== Goal of the exercise ==
Reproduce the lines below exactly. Begin with the first, end with the line containing "股関節とその動きから始めて積", and leave out the pictures.

[Start of Attachment]

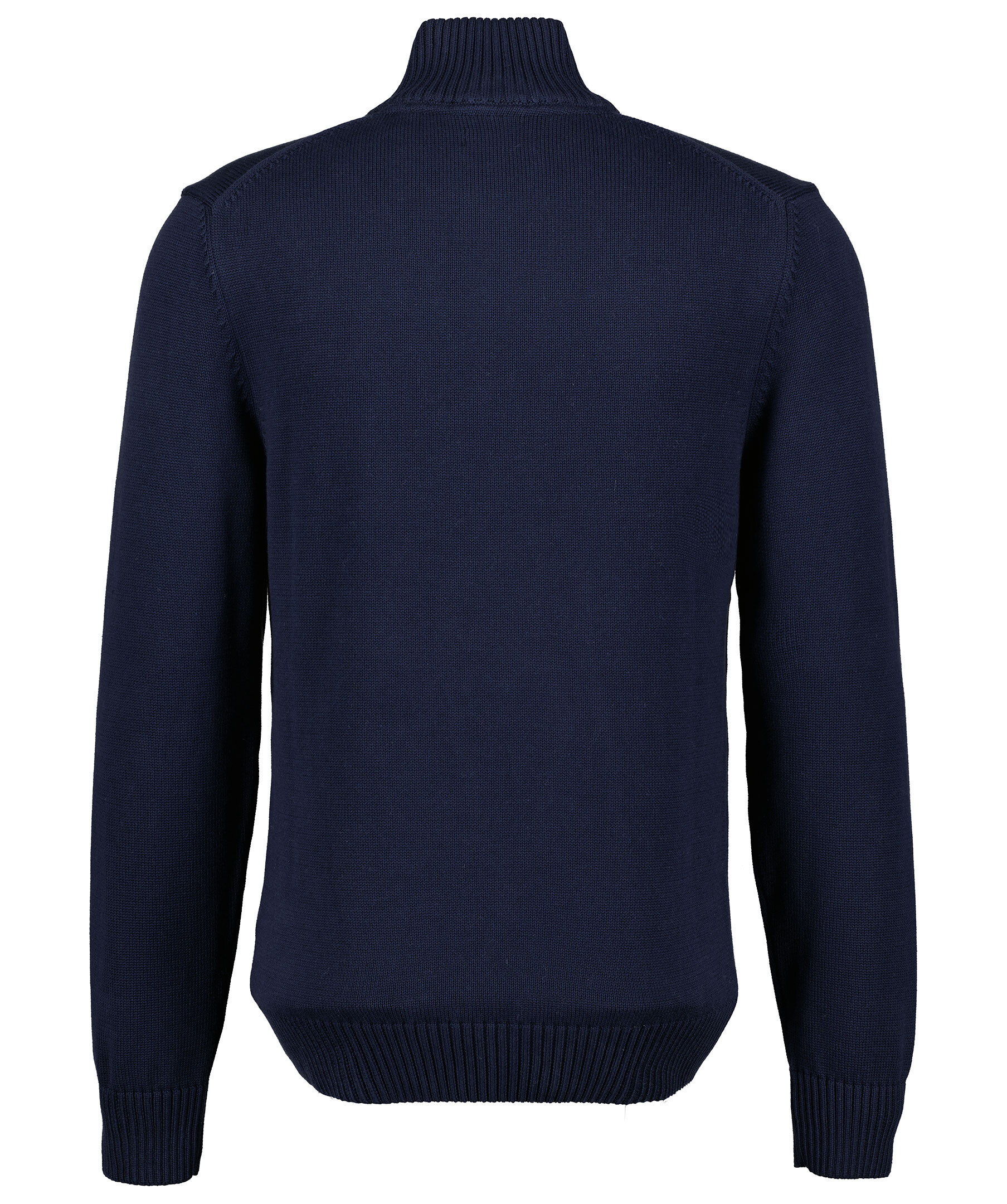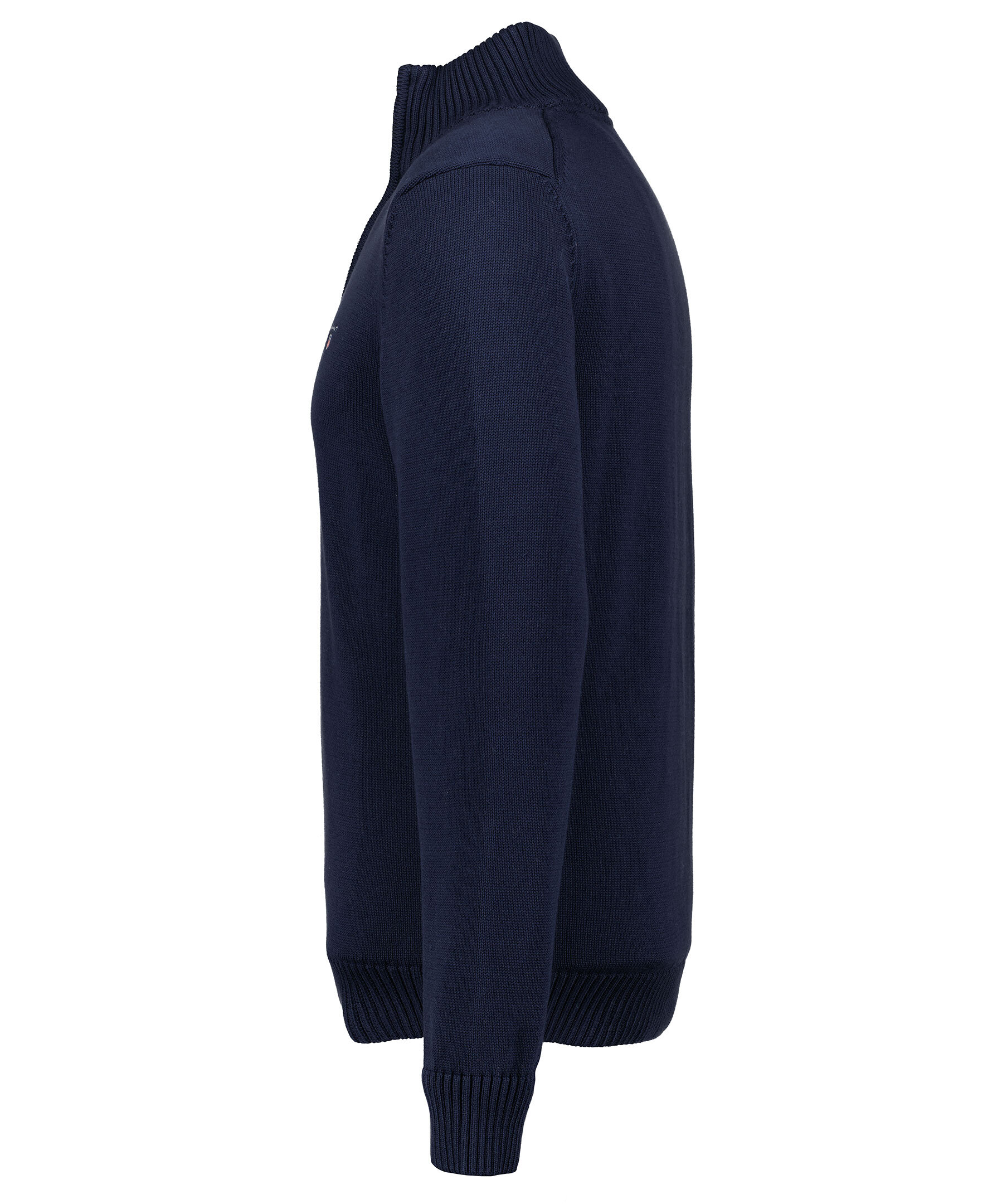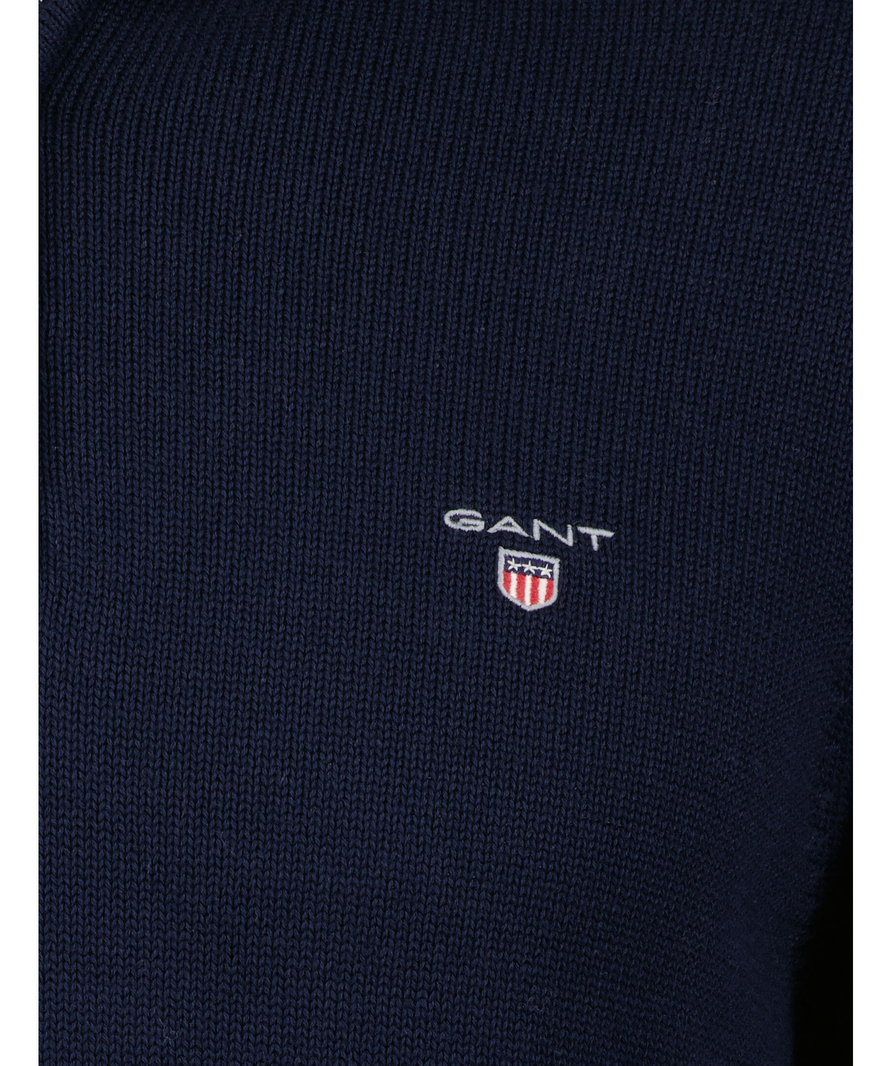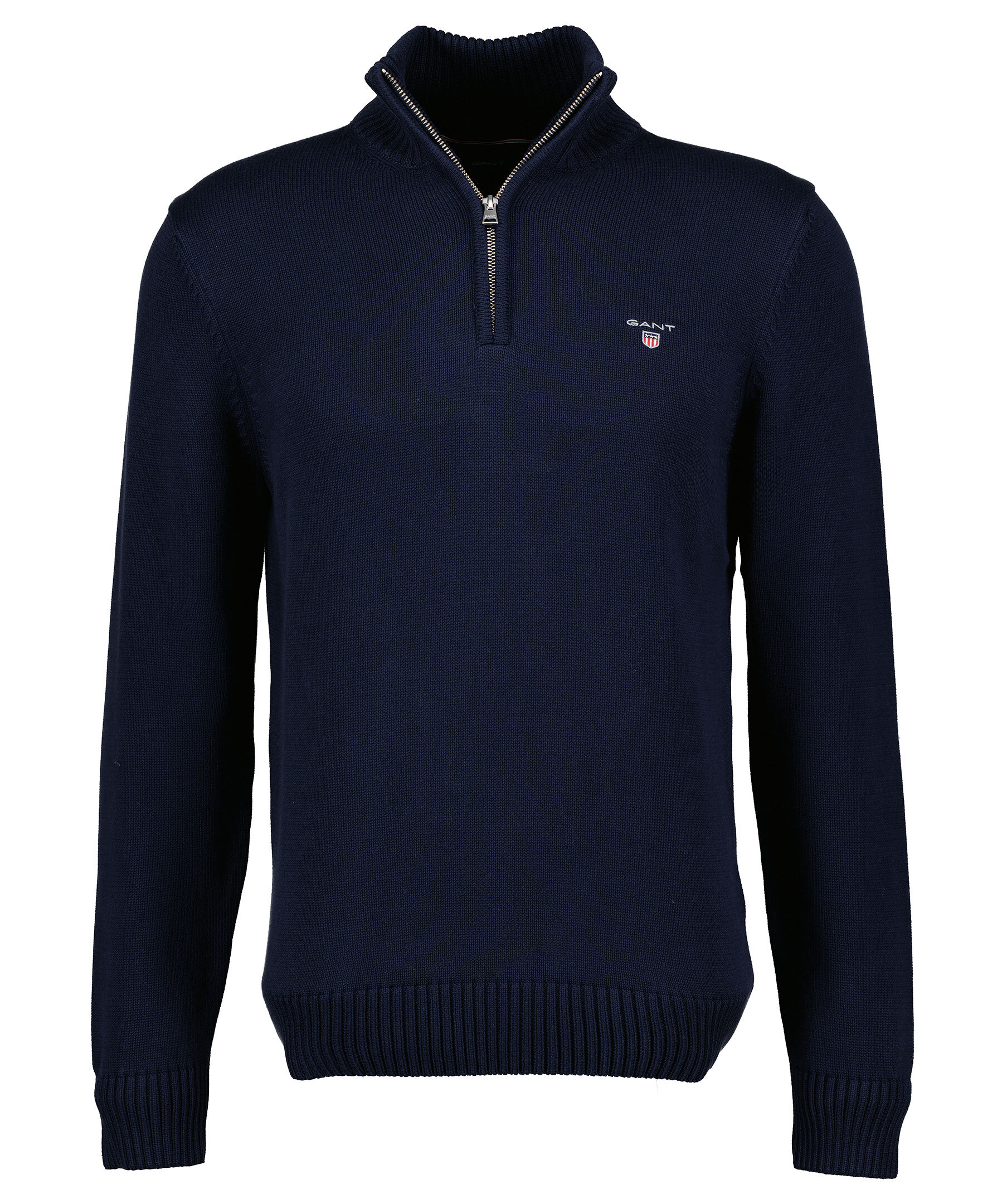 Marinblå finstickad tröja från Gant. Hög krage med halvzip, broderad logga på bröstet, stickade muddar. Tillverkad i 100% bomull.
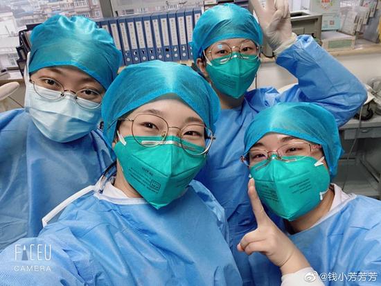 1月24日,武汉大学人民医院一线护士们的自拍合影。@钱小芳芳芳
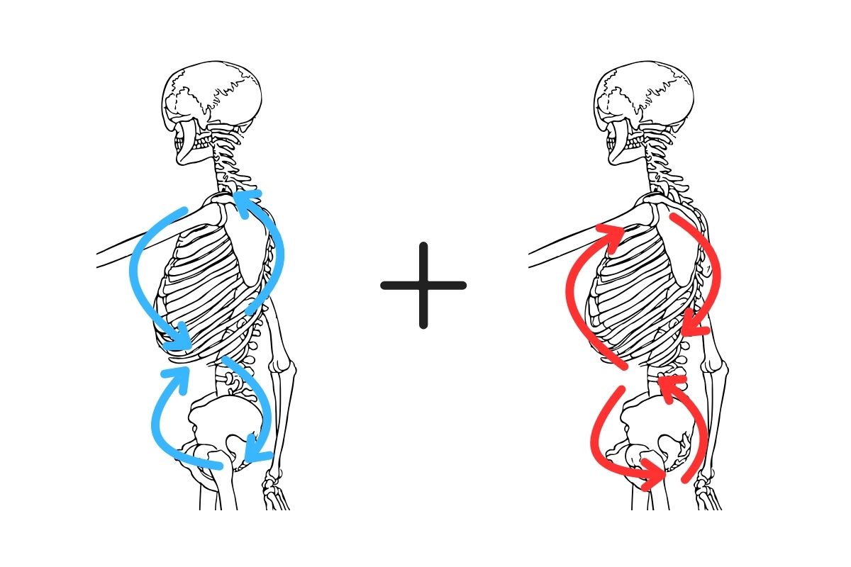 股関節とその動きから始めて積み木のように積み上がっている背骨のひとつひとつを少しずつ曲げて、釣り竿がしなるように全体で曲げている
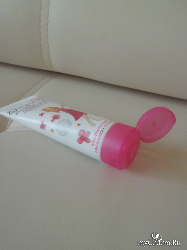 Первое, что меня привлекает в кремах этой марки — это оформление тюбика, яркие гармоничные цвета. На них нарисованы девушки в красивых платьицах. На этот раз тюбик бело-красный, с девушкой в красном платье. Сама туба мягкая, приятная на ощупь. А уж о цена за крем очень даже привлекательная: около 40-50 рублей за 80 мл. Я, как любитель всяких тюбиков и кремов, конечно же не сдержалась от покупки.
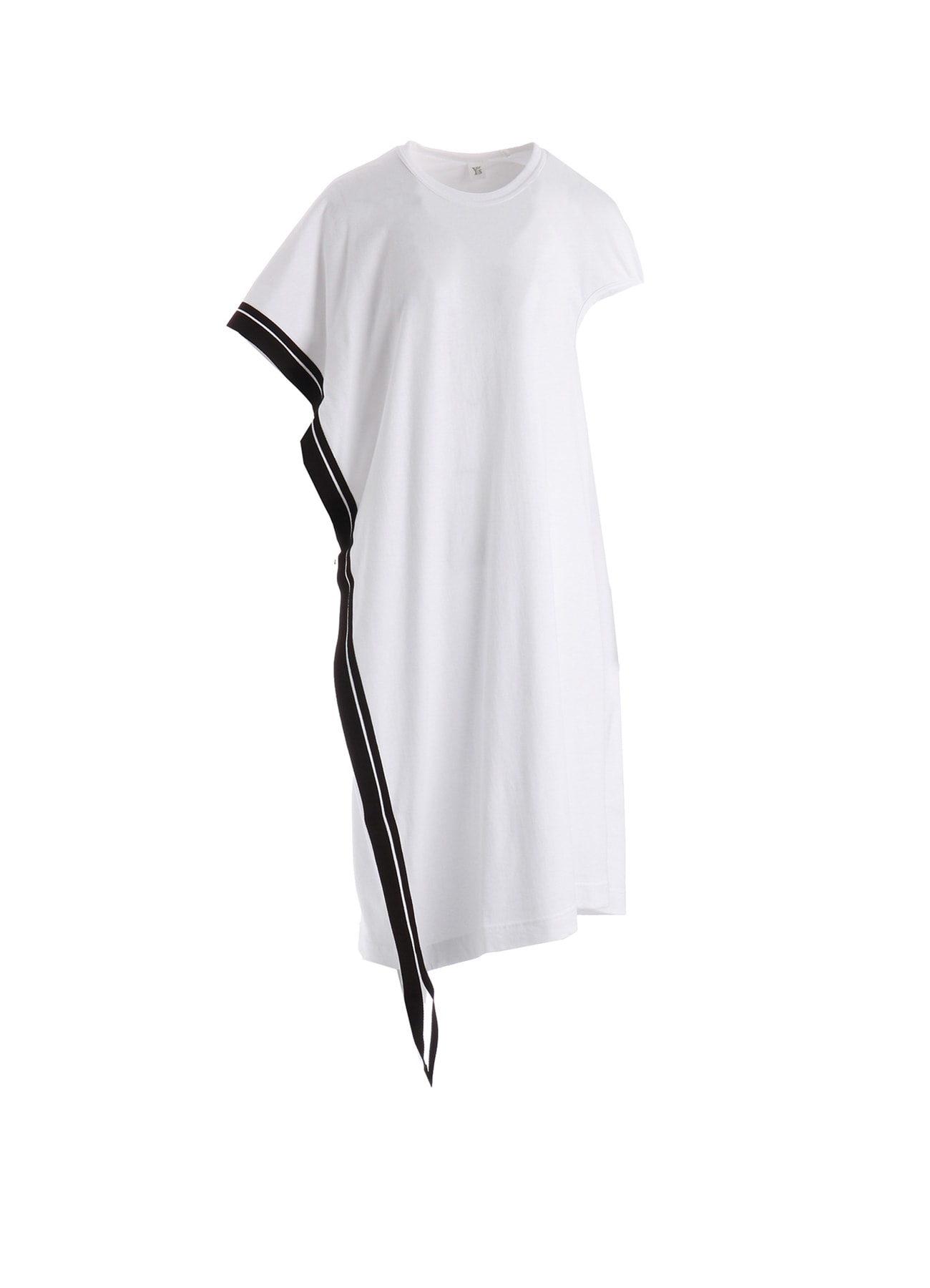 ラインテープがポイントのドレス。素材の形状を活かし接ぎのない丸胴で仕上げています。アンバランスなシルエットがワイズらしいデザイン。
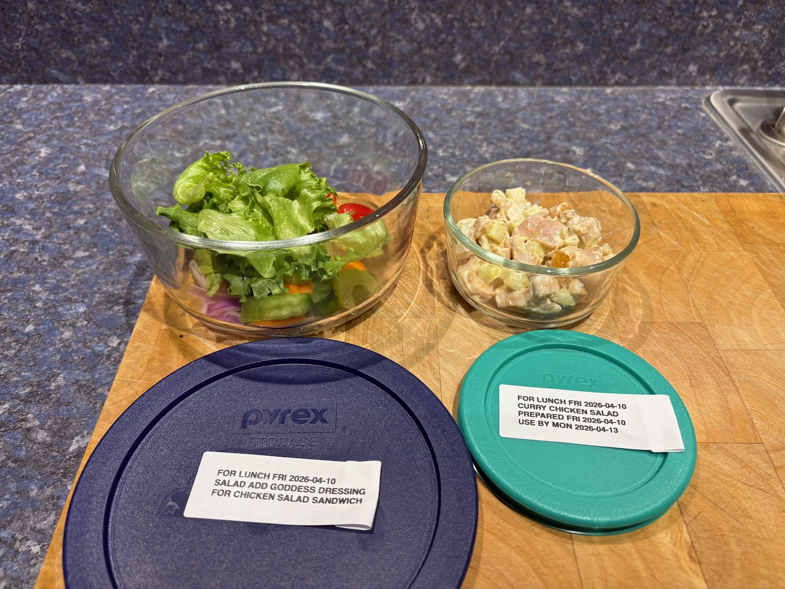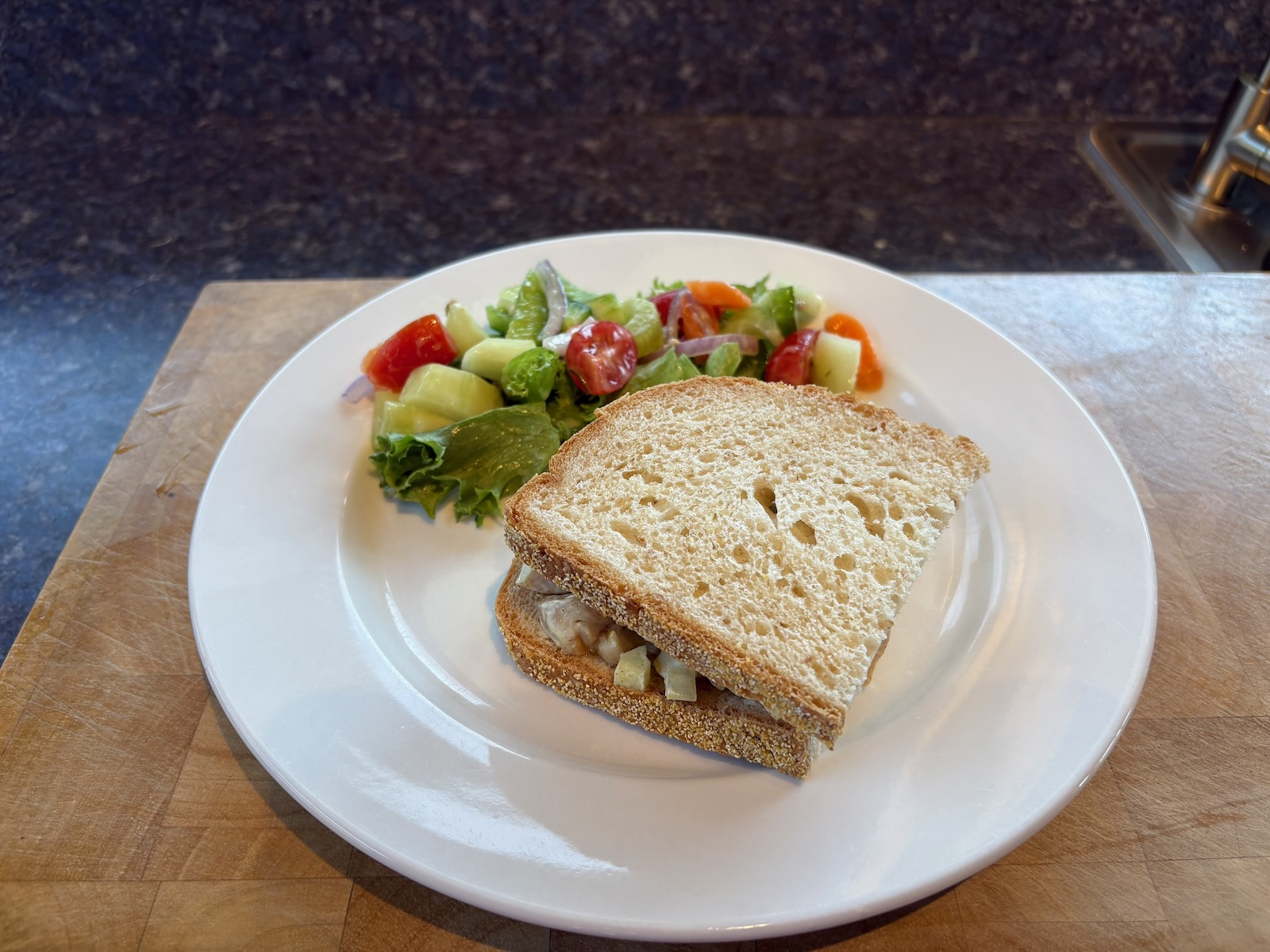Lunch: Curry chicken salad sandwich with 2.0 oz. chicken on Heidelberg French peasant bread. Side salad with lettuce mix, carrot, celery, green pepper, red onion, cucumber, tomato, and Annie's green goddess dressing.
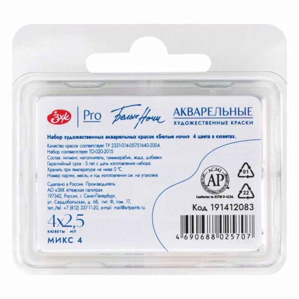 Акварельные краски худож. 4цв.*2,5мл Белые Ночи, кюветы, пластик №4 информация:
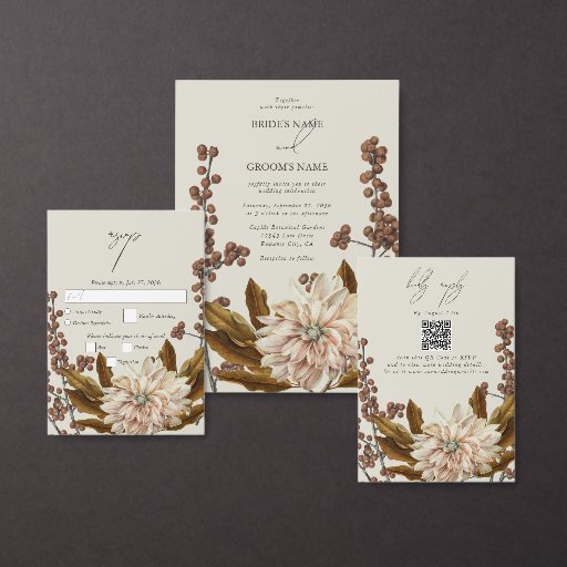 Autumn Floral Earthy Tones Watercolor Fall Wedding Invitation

[End of Attachment]

== Response below ==
 Marinblå finstickad tröja från Gant. Hög krage med halvzip, broderad logga på bröstet, stickade muddar. Tillverkad i 100% bomull.
 1月24日,武汉大学人民医院一线护士们的自拍合影。@钱小芳芳芳
 股関節とその動きから始めて積み木のように積み上がっている背骨のひとつひとつを少しずつ曲げて、釣り竿がしなるように全体で曲げている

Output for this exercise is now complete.